Jessea Lu, wie kommt man auf den Gedanken, dass Apnoetauchen das richtige Hobby für einen ist?
Die meisten waren im Urlaub schon mal im Meer, haben vielleicht schon mal Tiere unter Wasser gesehen. Mich hat der Ozean immer fasziniert, wie sich Delfine und Co. bewegen, diese Freiheit. Ich habe eine Verbundenheit zum Wasser gespürt, es hat mich hineingezogen. Die mentale Komponente beim Freitauchen ist enorm. Ich wollte herausfinden, wer ich bin. Und in dem Sport kannst du dich vor nichts verstecken. Du musst all deine Emotionen kontrollieren können. Eine noch so kleine Anspannung kann zu fatalen Folgen führen. Du musst mit dir im Reinen sein für einen sauberen und sicheren Tauchgang.
Wie fühlt sich das an, wenn man mit einem Atemzug diese Tiefen erreicht?
Es wie eine tiefe Meditation. Alles in deinem Körper wird heruntergefahren. Der Tauchreflex setzt ein. Das ganze Blut strömt in die Körpermitte, der Puls geht auf sieben Schläge pro Minute. Du musst mit einem Minimum der Körperfunktionen auskommen.
Als Kind wollten Sie unbedingt in eine Stadt ohne Winter ziehen. Jahre später unternahmen Sie dann eine Tauch-Reise in die Antarktis, warum?

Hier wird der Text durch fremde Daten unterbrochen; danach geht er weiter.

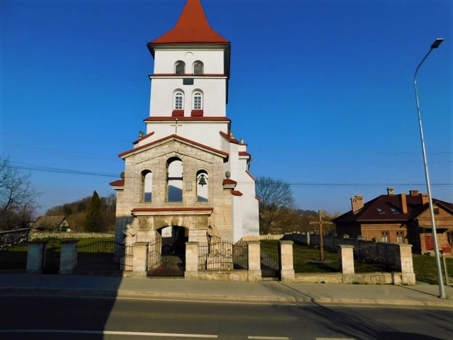The temple is rectangular in plan, single-nave, with a three-tiered tower under a tent on the western facade. The entrance to the church is decorated with a finely crafted portal. Once there were two loopholes above the choirs, which testified to the defensive nature of the building. Opposite the main entrance is a two-story bell tower.

Ich habe als Kind die Kälte immer gehasst. Ich wollte den Trip dazu nutzen, um meine Angst vor dem Winter zu überwinden. Und meine mentalen Grenzen auszuloten. Ich wusste, dass ich bei dem Vorhaben sterben kann. Der Körper ist nicht dafür gemacht, bei Minusgraden ohne Sauerstoff zu tauchen. Es war das härteste Abenteuer meines Lebens, noch nie hat mein Körper so gelitten. Aber es war vor allem ein persönlicher Erfolg, meine Angst zu bezwingen. Das Freitauchen hat mein Leben verändert. Es hat mir dabei geholfen, mich selbst zu heilen.
Inwiefern?
Ich bin in einer Familie aufgewachsen, die mich nie unterstützt hat, die mich nie beschützt hat. Ich erinnere mich dran, wie ich als Kind einmal allein ins Krankenhaus gehen musste. Beim Freitauchen musst du dich zu 100 Prozent auf die Sicherheitstaucher verlassen können, du vertraust ihnen dein Leben an.

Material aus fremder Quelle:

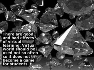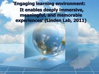 This document discusses the use of virtual worlds like Second Life for educational purposes. It provides several case studies of institutions that have used Second Life for training activities and collaborative learning. These include Loyalist College which used Second Life to simulate border crossing training for security guards. Several benefits of virtual worlds for education are discussed, such as allowing geographically dispersed students and faculty to meet, and enabling prototyping of real-life productions. However, some potential downsides are also noted, such as students displaying cyberdisinhibition or becoming addicted to the virtual environment.

Beim Wettkampf „Vertical Blue“ auf den Bahamas sind Sie 93 Meter in die Tiefe getaucht, und haben dann für mehrere Minuten das Bewusstsein verloren. Eine Nahtoderfahrung.
Es ist immer noch schwierig, Worte dafür zu finden. Mein Geist war da, ich wusste, dass ich einen Blackout habe. Es hat sich aber nicht mehr so angefühlt, als würde ich in meinem Körper stecken. Das Verrückte war: Es gab keine Emotionen. Keine Angst. Keine Aufregung. Es hat sich wie ein Supercomputer angefühlt, der gerade alle Prozesse in meinem Hirn analysiert. Ich habe gar nicht wahrgenommen, dass die Leute um mich herum hektisch waren, mich zum Atmen animiert haben. Es war, als hätte ich die Situation von außen betrachtet. Die Menschen kämpften um mein Leben, aber ich war wie in Trance, es fühlte sich glücklich an. Als ich wieder voll bei mir, war es unheimlich laut. Ich spürte den Druck auf meiner Brust. Die ganze Situation war wie eine Wiedergeburt.
Auch mit Tieren haben Sie schon schöne Momente erlebt.
Da waren unglaubliche Momente dabei. Einmal ist ein Blauwal direkt über mir geschwommen. Auf so etwas kannst du einen Kopf ja auch nicht vorbereiten. Wenn du eine Massage bekommst, weißt du, wie sich das anfühlt. Aber wenn ein 30 Meter langer Gigant über dir erscheint? Wir waren jeden Tag über sieben, acht Stunden im Wasser, wussten, dass dort Wale in der Nähe sind. Und trotzdem ist das nur einmal passiert, als hätte der Wal sich diesen Moment ausgesucht. Das war einer der glücklichsten Momente in meinem Leben.